━━ EXTRACTED RECORDS
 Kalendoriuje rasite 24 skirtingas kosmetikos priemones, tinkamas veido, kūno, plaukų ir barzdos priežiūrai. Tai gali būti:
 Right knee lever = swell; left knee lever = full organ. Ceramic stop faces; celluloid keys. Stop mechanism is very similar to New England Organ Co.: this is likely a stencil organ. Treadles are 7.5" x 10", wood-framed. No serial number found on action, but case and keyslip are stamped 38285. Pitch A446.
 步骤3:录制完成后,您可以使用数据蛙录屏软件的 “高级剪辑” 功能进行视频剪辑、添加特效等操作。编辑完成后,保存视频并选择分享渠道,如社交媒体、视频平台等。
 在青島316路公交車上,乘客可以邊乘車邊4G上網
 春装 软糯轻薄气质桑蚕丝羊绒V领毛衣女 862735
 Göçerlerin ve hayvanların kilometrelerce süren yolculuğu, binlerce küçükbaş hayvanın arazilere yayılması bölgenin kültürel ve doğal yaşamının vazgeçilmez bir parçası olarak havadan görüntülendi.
━━━━
━━ EXTRACTED RECORDS
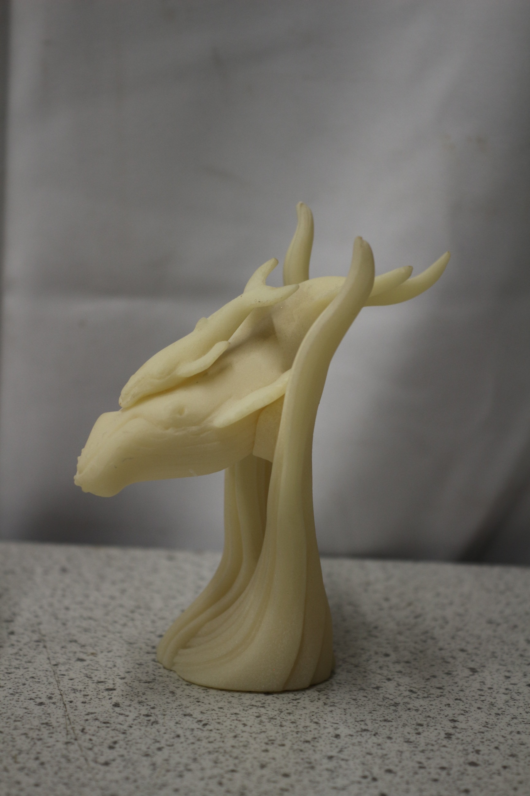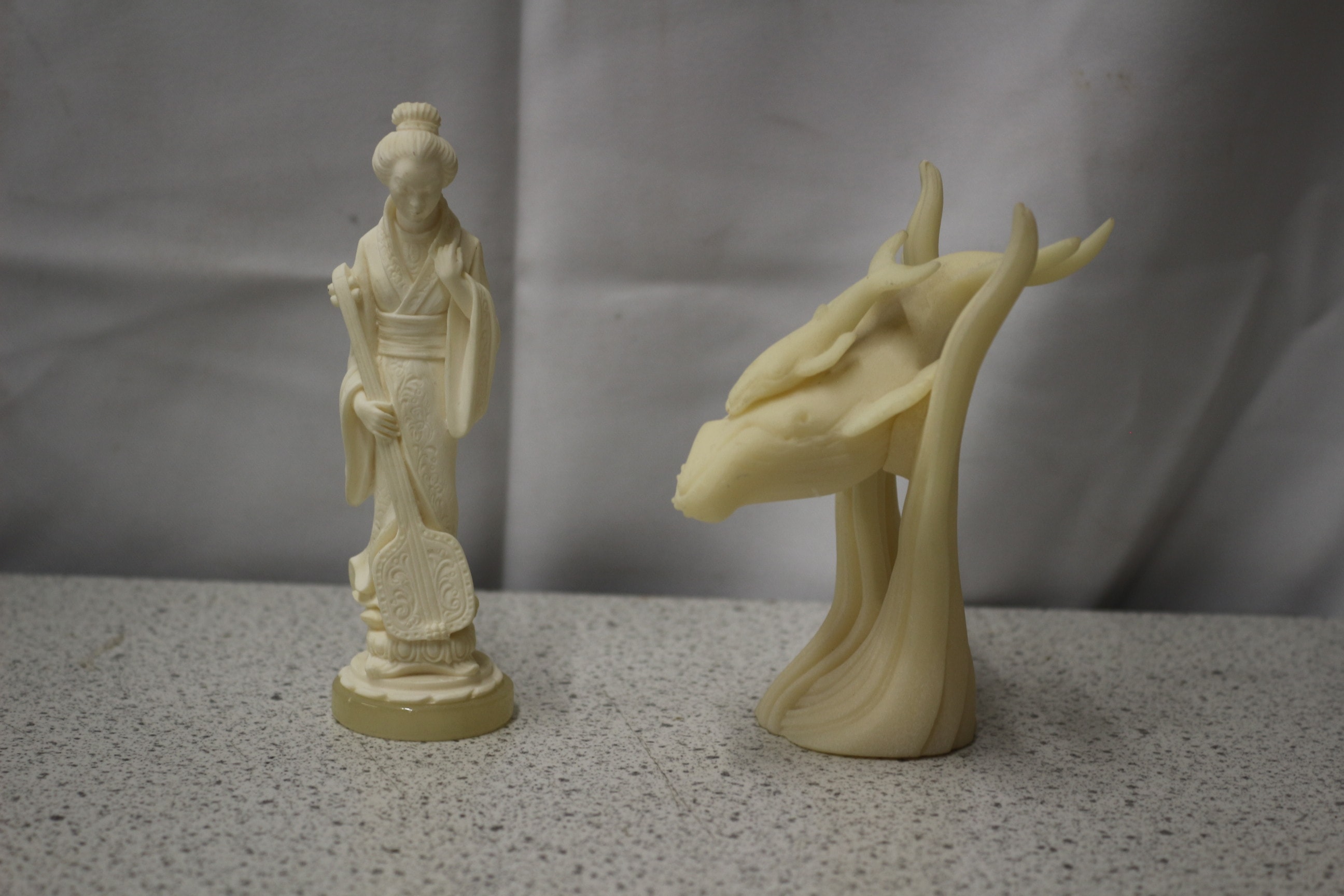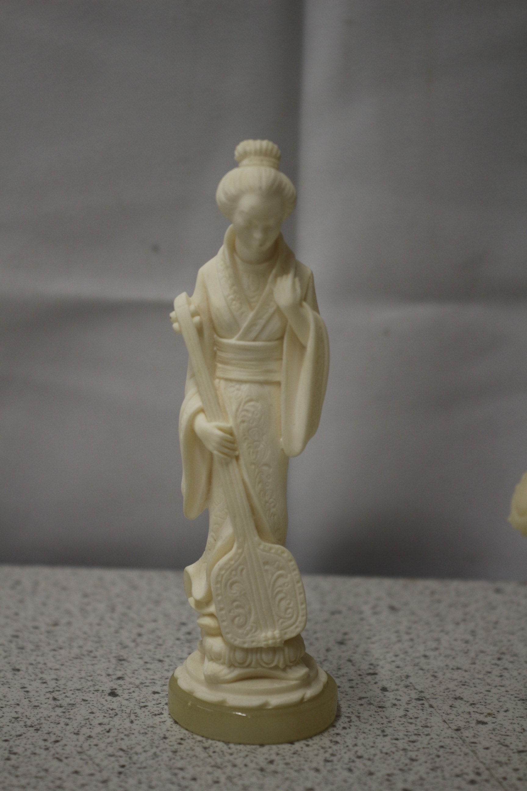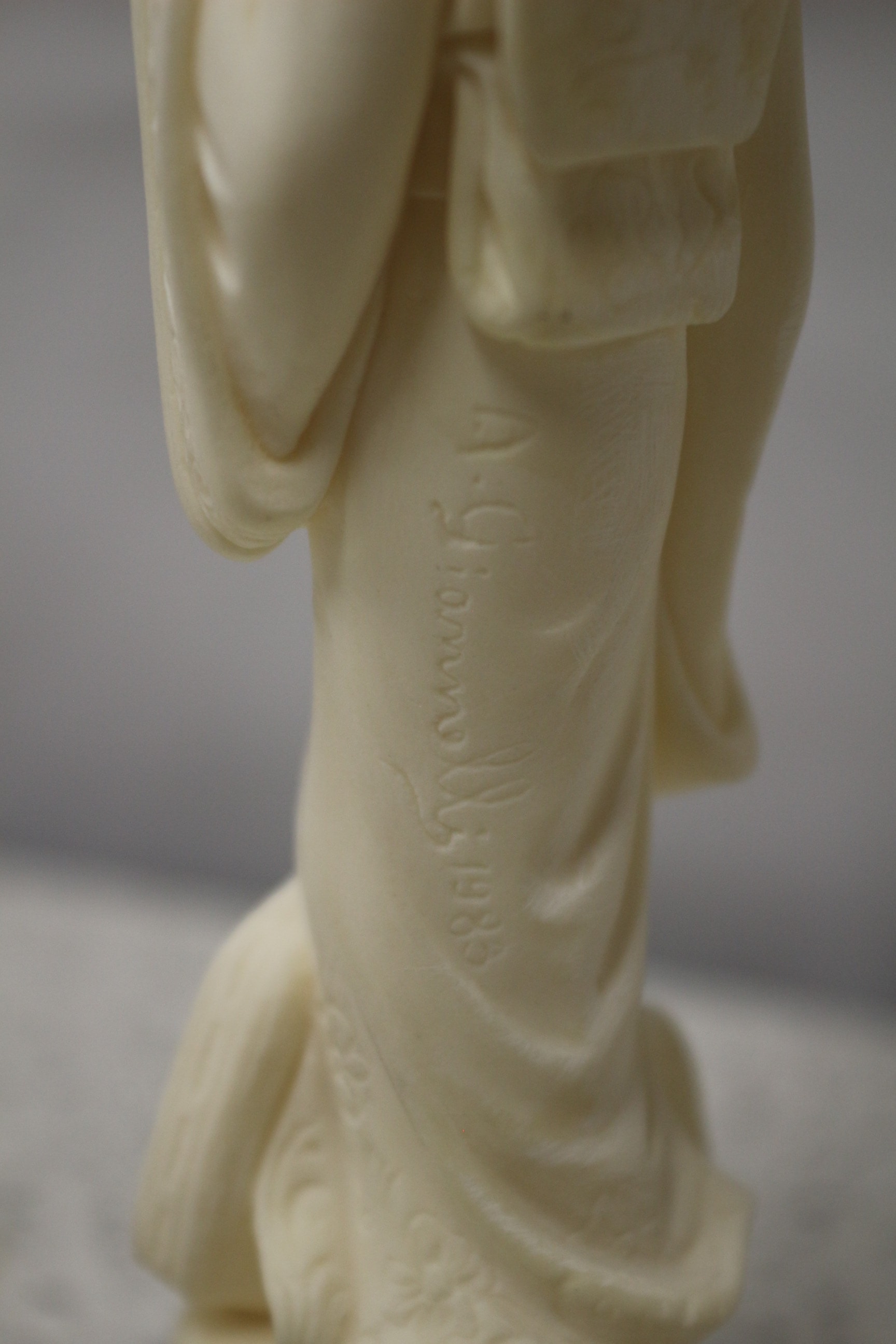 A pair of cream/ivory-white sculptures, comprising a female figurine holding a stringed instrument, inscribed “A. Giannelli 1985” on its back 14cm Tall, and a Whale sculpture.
━━━━
TRY IT
All lines in the listing above between the line with "Kalendoriuje rasite 24" and the line with "春装 软糯轻薄气质桑蚕丝羊绒V领毛衣女 862735", inclusive, should be set down exactly, and no line outside that range.

EXPECTED OUTPUT
 Kalendoriuje rasite 24 skirtingas kosmetikos priemones, tinkamas veido, kūno, plaukų ir barzdos priežiūrai. Tai gali būti:
 Right knee lever = swell; left knee lever = full organ. Ceramic stop faces; celluloid keys. Stop mechanism is very similar to New England Organ Co.: this is likely a stencil organ. Treadles are 7.5" x 10", wood-framed. No serial number found on action, but case and keyslip are stamped 38285. Pitch A446.
 步骤3:录制完成后,您可以使用数据蛙录屏软件的 “高级剪辑” 功能进行视频剪辑、添加特效等操作。编辑完成后,保存视频并选择分享渠道,如社交媒体、视频平台等。
 在青島316路公交車上,乘客可以邊乘車邊4G上網
 春装 软糯轻薄气质桑蚕丝羊绒V领毛衣女 862735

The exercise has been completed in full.